═════ Exercise data ═════

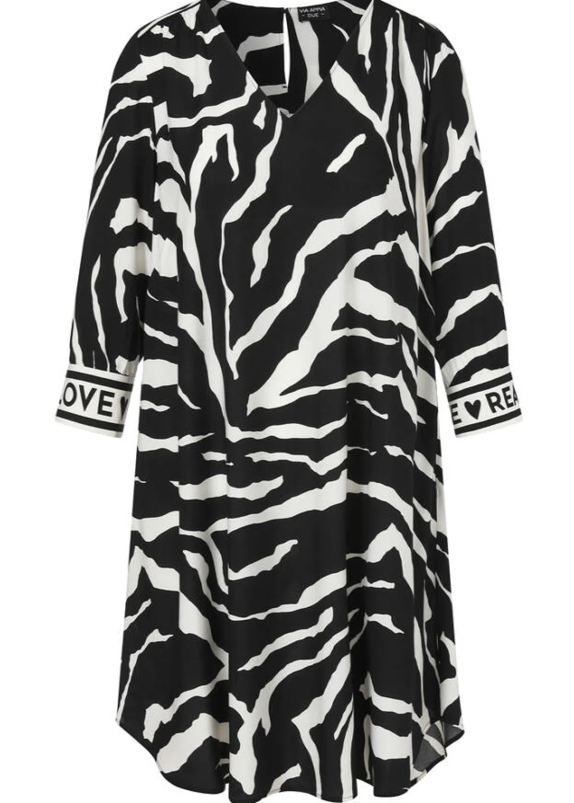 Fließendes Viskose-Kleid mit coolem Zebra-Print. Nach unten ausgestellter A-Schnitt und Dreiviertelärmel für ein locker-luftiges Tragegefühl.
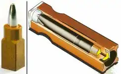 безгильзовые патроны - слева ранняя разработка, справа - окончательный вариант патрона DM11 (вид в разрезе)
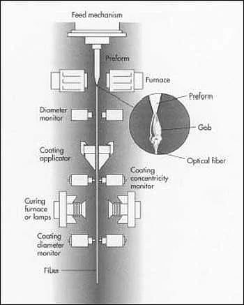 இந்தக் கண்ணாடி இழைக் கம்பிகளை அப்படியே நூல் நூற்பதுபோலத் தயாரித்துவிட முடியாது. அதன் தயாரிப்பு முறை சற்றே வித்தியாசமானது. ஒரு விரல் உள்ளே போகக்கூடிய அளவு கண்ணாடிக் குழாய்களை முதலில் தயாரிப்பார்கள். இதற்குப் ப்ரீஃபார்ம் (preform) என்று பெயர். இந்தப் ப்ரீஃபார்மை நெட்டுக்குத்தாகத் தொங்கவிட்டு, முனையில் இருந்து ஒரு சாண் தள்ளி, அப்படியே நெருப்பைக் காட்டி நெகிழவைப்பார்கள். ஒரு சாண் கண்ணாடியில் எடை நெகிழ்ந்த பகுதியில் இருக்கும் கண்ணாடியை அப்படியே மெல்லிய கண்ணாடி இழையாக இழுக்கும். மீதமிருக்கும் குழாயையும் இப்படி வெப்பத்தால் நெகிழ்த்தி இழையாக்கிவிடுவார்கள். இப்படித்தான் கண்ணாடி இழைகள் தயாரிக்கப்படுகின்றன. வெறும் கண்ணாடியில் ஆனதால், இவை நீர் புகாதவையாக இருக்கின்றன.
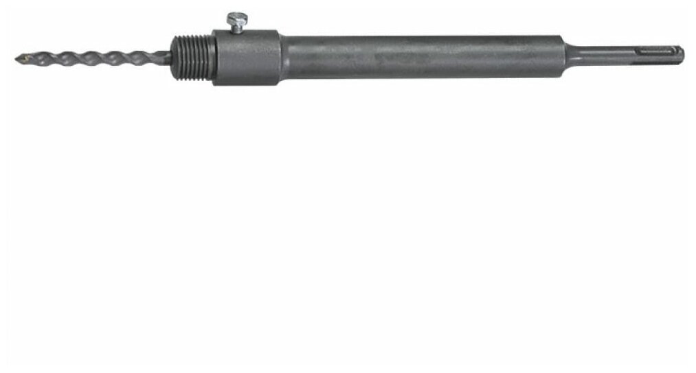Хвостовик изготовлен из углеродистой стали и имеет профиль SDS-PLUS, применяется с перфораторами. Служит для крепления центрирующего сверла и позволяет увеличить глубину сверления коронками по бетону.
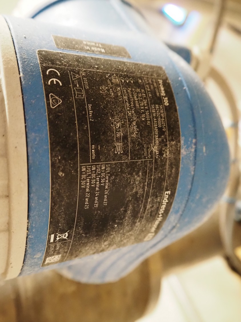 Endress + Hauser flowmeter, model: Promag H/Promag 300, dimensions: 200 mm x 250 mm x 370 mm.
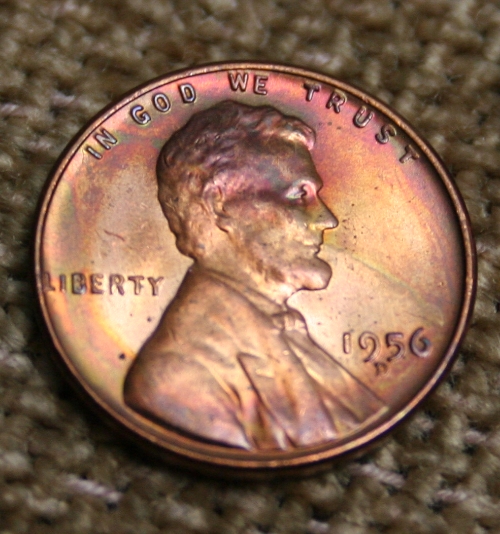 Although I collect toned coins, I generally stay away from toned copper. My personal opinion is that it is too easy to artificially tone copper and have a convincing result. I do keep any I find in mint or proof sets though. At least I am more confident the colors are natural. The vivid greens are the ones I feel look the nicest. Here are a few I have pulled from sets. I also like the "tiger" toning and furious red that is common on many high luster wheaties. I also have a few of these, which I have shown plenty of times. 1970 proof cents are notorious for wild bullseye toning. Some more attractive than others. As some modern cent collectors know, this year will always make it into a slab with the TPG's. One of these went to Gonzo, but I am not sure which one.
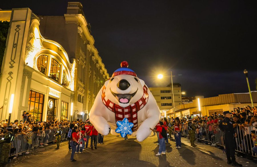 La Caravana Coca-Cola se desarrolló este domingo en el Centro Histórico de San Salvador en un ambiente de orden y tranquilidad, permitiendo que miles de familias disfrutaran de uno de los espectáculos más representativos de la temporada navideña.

═════
═════ Exercise data ═════

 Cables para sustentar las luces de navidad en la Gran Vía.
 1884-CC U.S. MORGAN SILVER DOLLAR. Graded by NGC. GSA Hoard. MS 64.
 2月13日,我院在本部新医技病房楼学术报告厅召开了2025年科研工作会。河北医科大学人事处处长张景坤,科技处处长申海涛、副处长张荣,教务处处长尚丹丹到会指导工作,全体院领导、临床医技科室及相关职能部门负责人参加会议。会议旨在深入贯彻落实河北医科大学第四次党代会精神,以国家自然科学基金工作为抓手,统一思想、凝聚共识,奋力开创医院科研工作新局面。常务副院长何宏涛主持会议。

═════

Reproduce the data above exactly, but only from the line containing "Fließendes Viskose-Kleid mit" through the line containing "இந்தக் கண்ணாடி இழைக்". Omit all pictures.

 Fließendes Viskose-Kleid mit coolem Zebra-Print. Nach unten ausgestellter A-Schnitt und Dreiviertelärmel für ein locker-luftiges Tragegefühl.
 безгильзовые патроны - слева ранняя разработка, справа - окончательный вариант патрона DM11 (вид в разрезе)
 இந்தக் கண்ணாடி இழைக் கம்பிகளை அப்படியே நூல் நூற்பதுபோலத் தயாரித்துவிட முடியாது. அதன் தயாரிப்பு முறை சற்றே வித்தியாசமானது. ஒரு விரல் உள்ளே போகக்கூடிய அளவு கண்ணாடிக் குழாய்களை முதலில் தயாரிப்பார்கள். இதற்குப் ப்ரீஃபார்ம் (preform) என்று பெயர். இந்தப் ப்ரீஃபார்மை நெட்டுக்குத்தாகத் தொங்கவிட்டு, முனையில் இருந்து ஒரு சாண் தள்ளி, அப்படியே நெருப்பைக் காட்டி நெகிழவைப்பார்கள். ஒரு சாண் கண்ணாடியில் எடை நெகிழ்ந்த பகுதியில் இருக்கும் கண்ணாடியை அப்படியே மெல்லிய கண்ணாடி இழையாக இழுக்கும். மீதமிருக்கும் குழாயையும் இப்படி வெப்பத்தால் நெகிழ்த்தி இழையாக்கிவிடுவார்கள். இப்படித்தான் கண்ணாடி இழைகள் தயாரிக்கப்படுகின்றன. வெறும் கண்ணாடியில் ஆனதால், இவை நீர் புகாதவையாக இருக்கின்றன.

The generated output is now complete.